The true way is along a rope that is not crossed high in the air, but only just above the ground. It seems intended more to cause stumbling, rather than to be walked upon -- Franz Kafka. Lines of caution and despair, they provide the epigraph to this startling anime film, inspired by a Kafka short story of the same title. What director Koji Yamamura and his intrepid team of animators do well is take a spare and barebones story by the Czech writer and create a disturbingly oneiric vision of the world like no other.


A Country Doctor takes just over 20 minutes to accomplish its purpose, breathing life as it does into a brooding tale about the human condition. It opens, forebodingly, in a country doctor’s courtyard as he prepares to answer an emergency deep in the night. What complicates his impending journey is a snow blizzard sweeping through the terrain. To add to his woes, his horse has died during the cold, wintry hours. His servant girl Rosa tries to look for a replacement, knocking from door to door, but to no avail. But just as the country doctor starts to rue his luck, a groom comes out of nowhere with a pair of mysterious horses. The groom turns out to be a malicious figure who telegraphs his carnal intentions upon Rosa, alarming the country doctor just as he is about to leave. He has little time to react, it seems, as he is hurried off on his rig.

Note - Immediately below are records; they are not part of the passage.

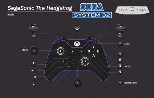 Important Sega System 32 Info: This platform had a lot of games that use 2 screens in one cab, side by side. This is not ideal for single player. MAME allows you to display one full screen with these machines. So, I have configured the parent versions to play with one screen/1 player and a clone to play with 2 screens/2 players.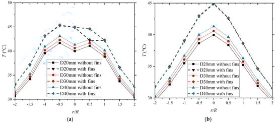 - Under the optimum operation of fins, the heat transfer temperature within the concrete and surrounding soil range rises noticeably, and as the tube diameter grows, the temperature increase reduces. When choosing a tube diameter between 20 and 40 mm, the temperature of the concrete area rises by 10.8% to 12.3%, and the temperature of the region surrounding the pile rises by 5.3% to 8.7% after the fins have been running for 336 h.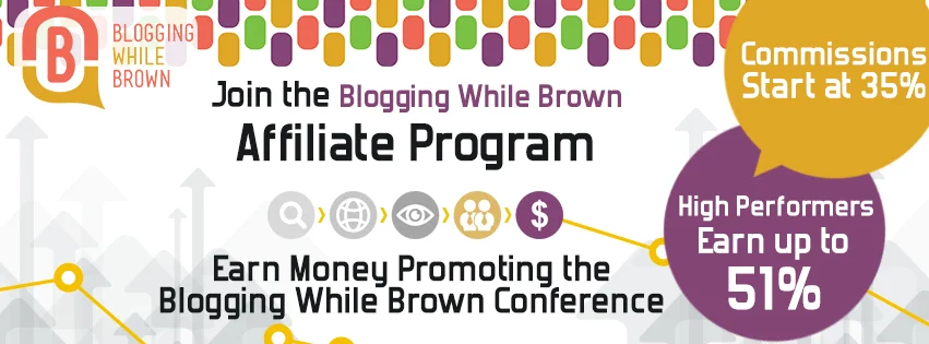 If you would like to sign up for our general public affiliate program, the initial commission is 10% of ticket sales. Get registered for the 2015 Blogging While Brown Conference so you can get the enhanced 35% commission.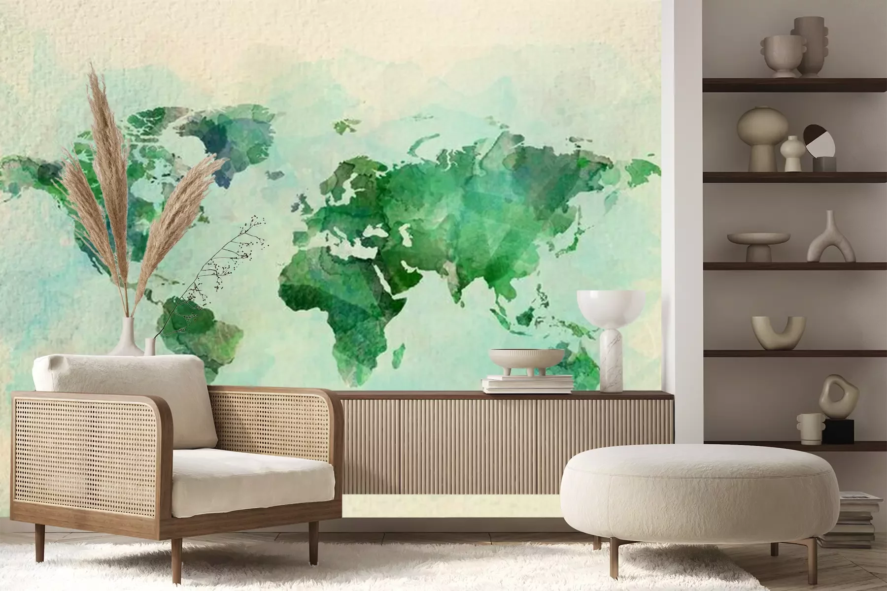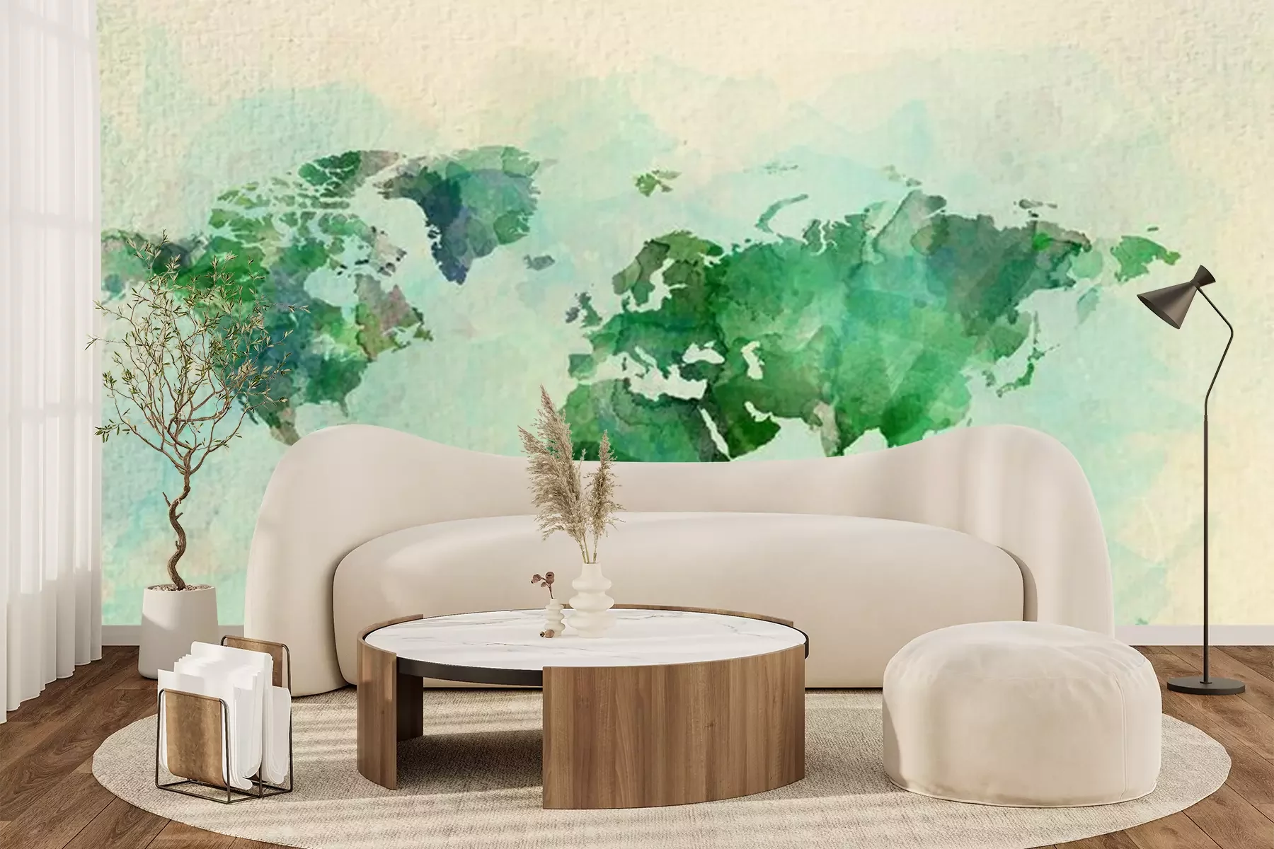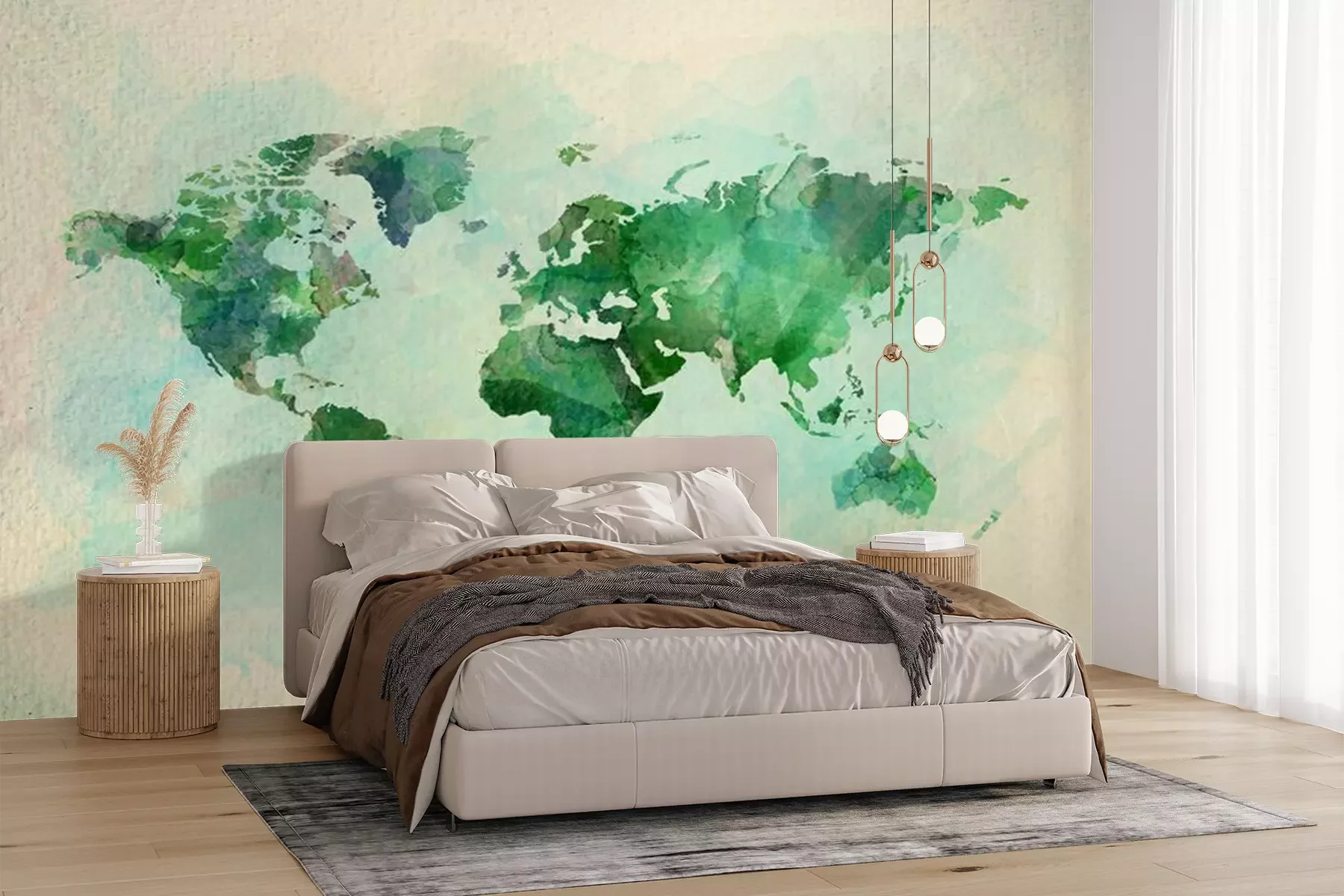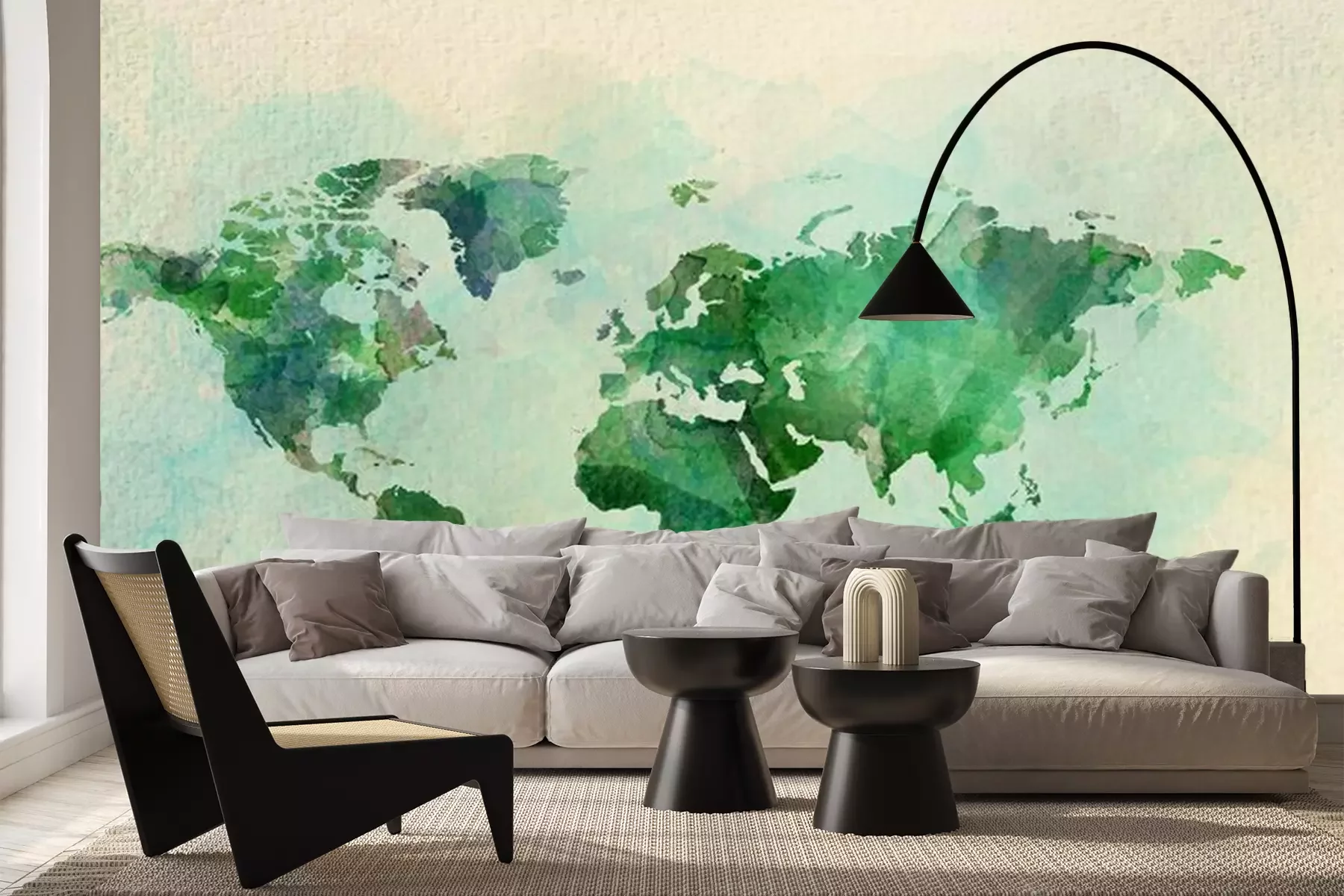 Fotobehang Aquarel wereldkaart in vintage stijl

Arriving at the end of his journey, the country doctor is ushered to the sickbed of a boy , who whispers to him his intention to die. At first the country doctor finds nothing wrong with the child, no fever, no worrying symptom of any kind. But a wound in the boy’s side is revealed on closer inspection; the country doctor just missed it until it is hinted to him. It’s a festering wound, the size of a palm, full of wriggling worms. Stripped naked by the boy’s family, sung to, and made to keep a close vigil on the boy, the country doctor reassures his patient but escapes the sickroom as soon as the boy falls asleep. Naked and freezing on horseback, he rides blindly through icy snow and buffeting winds of the night.


This short précis of the film’s storyline follows Kafka’s prose with close exactitude. Even so, this anime gives free rein to the expansive imaginations of its animators. It’s a combination of story and execution that produces a film ripe with multivocal meanings. The country doctor, who at the end rushes homewards, or nowhere, through blizzards of snow, is plagued with various exigencies, but seems blindly cognizant of them, or chooses to remain ignorant. Neither does it seem probable for him to redeem his servant girl from the groom’s raging lust, nor will he see through his wounded patient’s crucial hours. What does the elusive wound represent? What does the doctor's undressing mean? Who is the groom? Does the country doctor stand, as critics claim, for the modern man too deadened to respond to the real emergencies of existence?


The beauty of Yamamura’s film lies not only in its unsettling story but in its visually gripping evocation of a dream world. Rendered in stark, monochromatic colors, both characters and context evoke surreal and expressionistic 2-d representations that complement its existential themes. The animation revels in modernist touches: distortions and elongations of human figures (faces, limbs and torsos), the elements, and the inanimate. This is all occasioned, it seems, by the particulars of Kafka’s story: the swirly, inky night, the driving snows, the worm-infested wound, the dream-like goings-on. Complemening it all is the ghostly presence of storytellers intoning like the narrators of a Noh play.


Yamamura’s A Country Doctor is a triumph of anime filmmaking that has to be seen to be appreciated and cherished. Without going overboard, it takes here and there, successfully synthesizing all manner of influences: from Frederic Back to Yuri Norstein, from Die Brucke to German Expressionism. Rarely do we encounter adaptations that do justice to their sources. A Country Doctor has the distinction of surpassing its basis, Kafka be damned.